* _Exercise_
Would you please repeat, word for word, only the lines from the one holding "Hi guys. New" through the one holding "Chủ tịch Quốc" in the material below, without the pictures?

* _Task inputs_
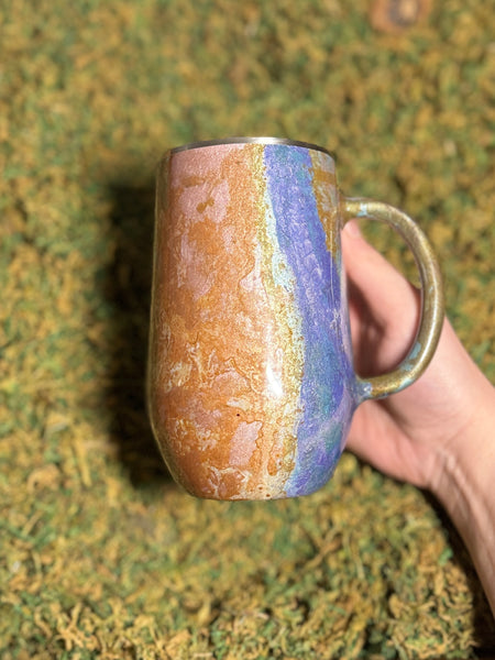 16 OZ mug tumbler. (Stainless Steel). Includes lid and reusable plastic straw. Suited for hot or cold beverages.
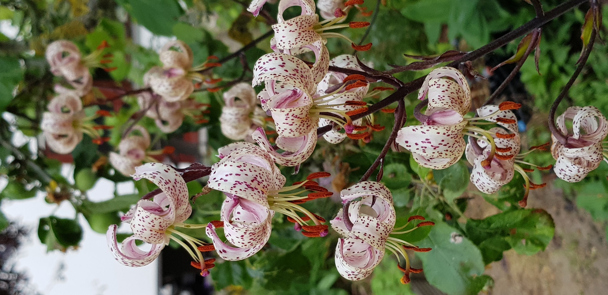 Abstammung:Blood Tiger seedlingBeschreibung:Orange-Red 34A throughout, with reddish and orange shading and large dark brown spots on 2/3 of petal; nectary orange; pollen reddish brown. Petals 90mm long, reflexed. Lvs bright green. Stems 1.2m, suffused brown, with axillary bulbils and up to 12 fls.Bezug:Salzborn: 1994,1996,1997;
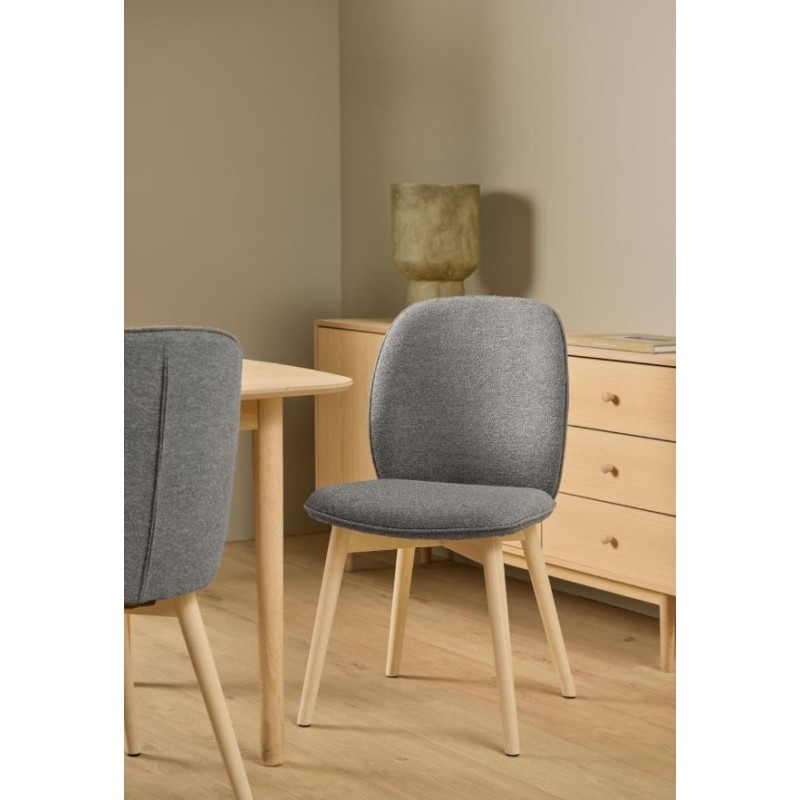 Krzesło CINDY łączy komfort, nowoczesną elegancję i ponadczasowy styl. Jego wyjątkowa forma doskonale podkreśla styl nowoczesnych przestrzeni jadalnianych. Wykonane z wysokiej jakości materiałów, zachwyca wyglądem i dodaje wnętrzu wyjątkowego charakteru. Zaokrąglone oparcie zapewnia wygodę podczas jego użytkowania, a miękka tapicerka z tkaniny przypominającej bouclé w szarym odcieniu nadaje mu zarazem przyjemną w dotyku fakturę oraz współczesny wgląd. Całość dopełniają drewniane bielone olejowane nogi, które wprowadzają naturalny i ciepły akcent. Bez wątpienia to idealny wybór dla osób ceniących funkcjonalność, wygodę i stylowe detale.
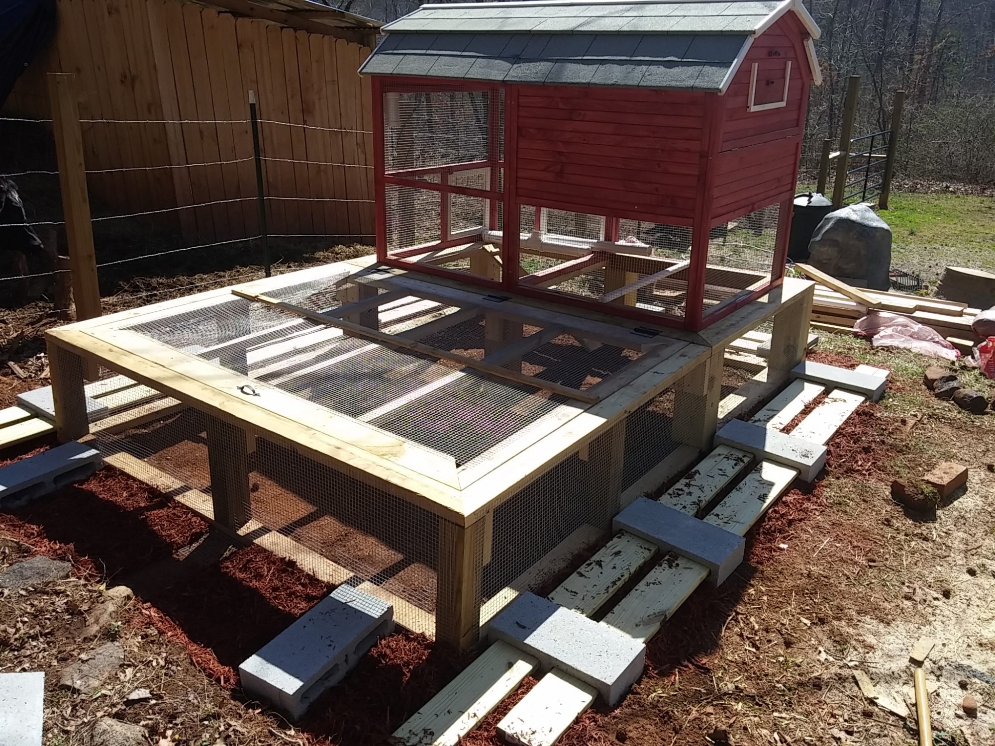 Hi guys. New to the Forum. Here is what we did. We took a prefab from TSC coated it in polyurethane and set it on top of riser/foundation. Hardware cloth surrounds run and runs under blocks and 1x6's. I plan on putting planters all around perimeter and if you look close you can see where hubby added handle so we can lift entire top of run to clean out. We have 6 hens on order.
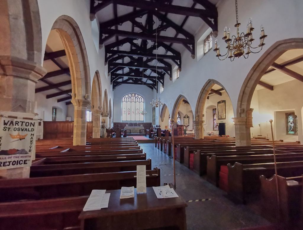 The parish church of Saint Oswald’s apparently flies the star spangled banner from the tower every 4th July. It also has Sir Winston Churhill’s family tree framed on the wall.
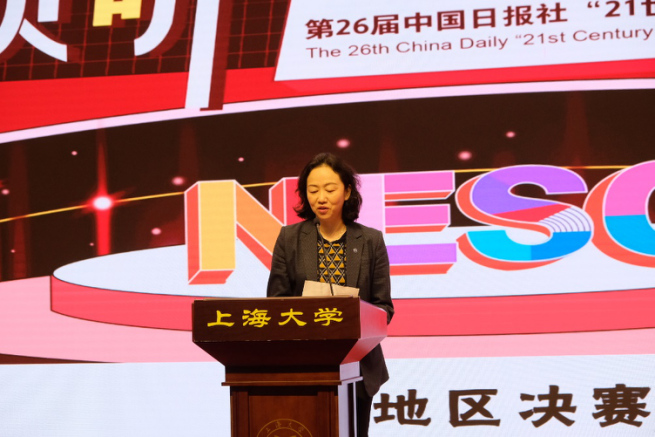龚书记首先代表永利集团全体师生热烈欢迎来自中国日报社以及上海地区各高校的专家评委和参赛选手们,并表达了永利集团对此类高端外语赛事的支持。她指出该赛事追求卓越的目标与永利集团追求卓越的人才培养理念不谋而合。永利集团举办此次赛事为上海兄弟高校英语演讲优异的学子们提供了一个同台竞技、实践磨砺的良机,正如孔子所说“学而时习之,不亦说乎”,在紧张而不失快乐的竞赛氛围中相互切磋,相互激励,迈向卓越。目前,中国正处于融入世界,实现民族复兴,完善“一带一路”,构建人类命运共同体的伟大时刻,亟需精通英语这一国际通用语言的人才。这样的人才对于向世界“讲好中国故事、分享中国经验”而言至关重要。开幕式前,龚书记还同中国日报社上海分社社长徐晓民女士及兄弟院校的专家学者们进行了沟通并就未来可能的合作交流了意见。最后,她祝愿大赛圆满成功,希望选手们表现优异、超越自我。
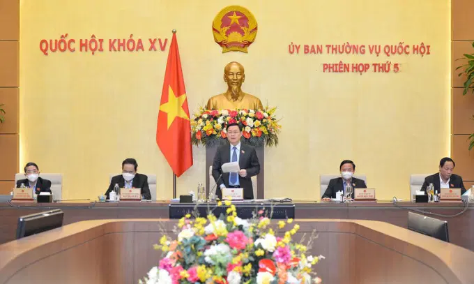 Chủ tịch Quốc hội Vương Đình Huệ phát biểu kết luận phiên họp thứ 5 của Ủy ban Thường vụ Quốc hội. Ảnh: QH
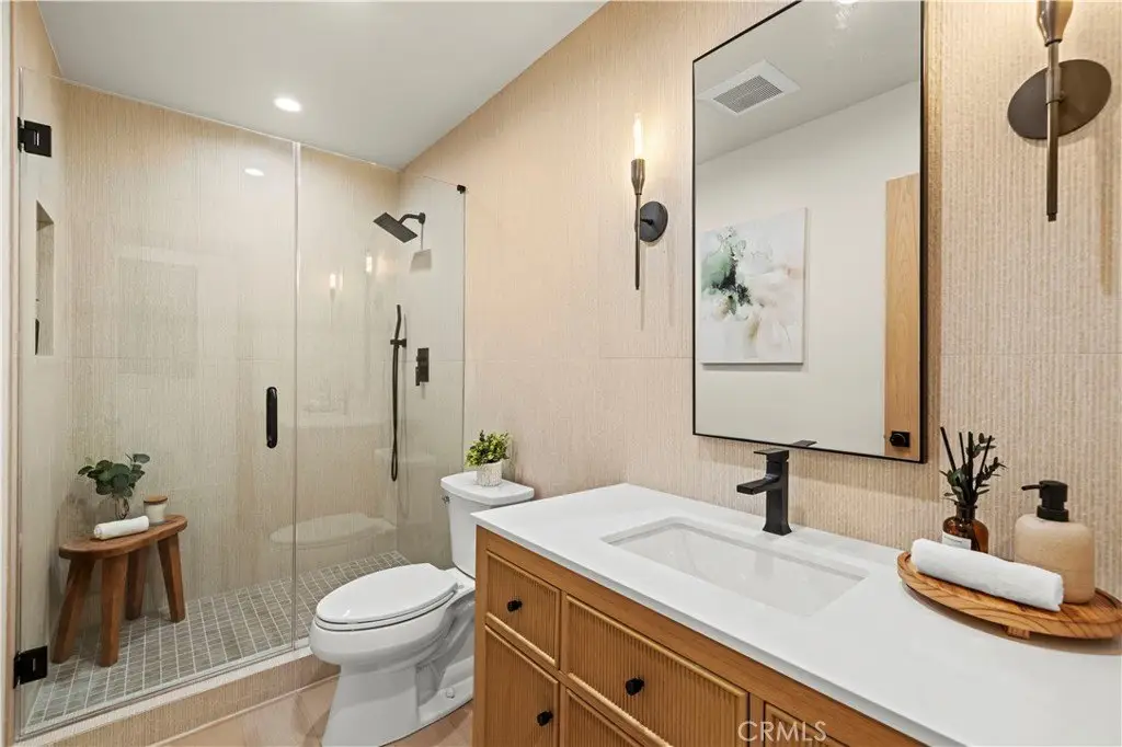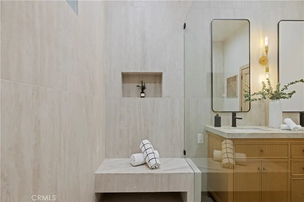 Welcome to this stunning custom-built home in Encino, perfectly situated on a generous lot! This organic modern 4-bedroom, 3.5-bath residence offers nearly 2,500 sq ft of beautifully designed living space with an open-concept indoor/outdoor layout—perfect for entertaining. From the moment you arrive, the wide frontage impresses with its expansive driveway and striking front entrance. Step inside and you’ll be greeted by a bright, airy floor plan that immediately sets the tone for sophisticated living. The formal living room at the front of the home is ideal for elegant gatherings, while the expansive great room offers the ultimate space for hosting luxurious indoor/outdoor events. The kitchen is a true showpiece, featuring floor-to-ceiling wood cabinetry, exquisite Taj Mahal quartzite countertops, and a full walk-in pantry. Adjacent to the kitchen, the sun-drenched dining area seamlessly connects to an oversized family room, where built-ins, custom shelving, and a cozy fireplace create the perfect evening retreat. Panoramic sliding doors open to a spacious deck and large backyard, creating effortless flow and extending your living space outdoors. The extra-large primary suite is a private sanctuary, complete with a walk-in closet and a luxurious spa-style bathroom featuring a double vanity and oversized shower. A secondary suite includes its own private bathroom, while two additional spacious bedrooms share a beautifully appointed bathroom at the front of the home. A separate laundry room and stylish powder room round out the interior amenities, offering total convenience and function. With thoughtful attention to detail and a well-planned layout, this home is designed to impress—featuring wood doors throughout, high ceilings, recessed and accent lighting inside and out, brand-new appliances, a finished garage, an oversized driveway, and lush landscaping. Plus, there’s plenty of space to add a sparkling pool - seller has a permit ready for you! This home truly has it all—style, space, and sophistication. Welcome home!
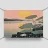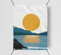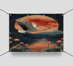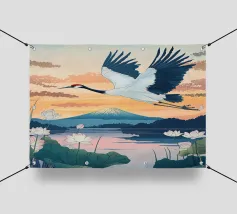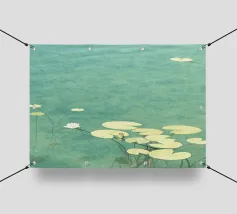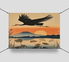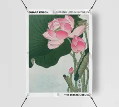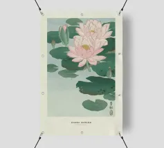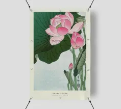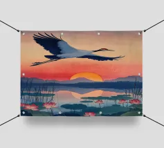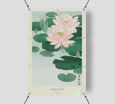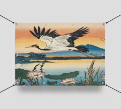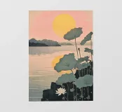 Ein Holzschnitt mit Lotosblättern und Seerosen am Ufer, mit einer untergehenden Sonne in einem zartrosa Himmel über einem ruhigen See. Im Hintergrund ist eine Insel am Horizont zu sehen, umgeben von Bäumen und fernen Bergen. Dieses Kunstwerk verkörpert die Ästhetik der Edo-Zeit und zeigt die Einfachheit der Holzschnitttechniken und der ruhigen Farben.
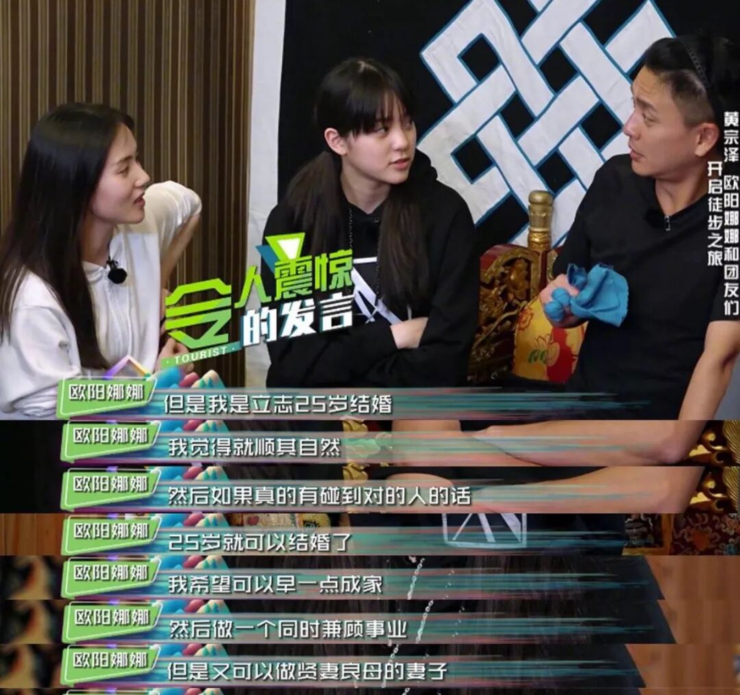 而欧阳娜娜最近的表现恰好符合。在节目里,先是说自己想在25岁的时候结婚。

* _Task response_
 Hi guys. New to the Forum. Here is what we did. We took a prefab from TSC coated it in polyurethane and set it on top of riser/foundation. Hardware cloth surrounds run and runs under blocks and 1x6's. I plan on putting planters all around perimeter and if you look close you can see where hubby added handle so we can lift entire top of run to clean out. We have 6 hens on order.
 The parish church of Saint Oswald’s apparently flies the star spangled banner from the tower every 4th July. It also has Sir Winston Churhill’s family tree framed on the wall.
龚书记首先代表永利集团全体师生热烈欢迎来自中国日报社以及上海地区各高校的专家评委和参赛选手们,并表达了永利集团对此类高端外语赛事的支持。她指出该赛事追求卓越的目标与永利集团追求卓越的人才培养理念不谋而合。永利集团举办此次赛事为上海兄弟高校英语演讲优异的学子们提供了一个同台竞技、实践磨砺的良机,正如孔子所说“学而时习之,不亦说乎”,在紧张而不失快乐的竞赛氛围中相互切磋,相互激励,迈向卓越。目前,中国正处于融入世界,实现民族复兴,完善“一带一路”,构建人类命运共同体的伟大时刻,亟需精通英语这一国际通用语言的人才。这样的人才对于向世界“讲好中国故事、分享中国经验”而言至关重要。开幕式前,龚书记还同中国日报社上海分社社长徐晓民女士及兄弟院校的专家学者们进行了沟通并就未来可能的合作交流了意见。最后,她祝愿大赛圆满成功,希望选手们表现优异、超越自我。
 Chủ tịch Quốc hội Vương Đình Huệ phát biểu kết luận phiên họp thứ 5 của Ủy ban Thường vụ Quốc hội. Ảnh: QH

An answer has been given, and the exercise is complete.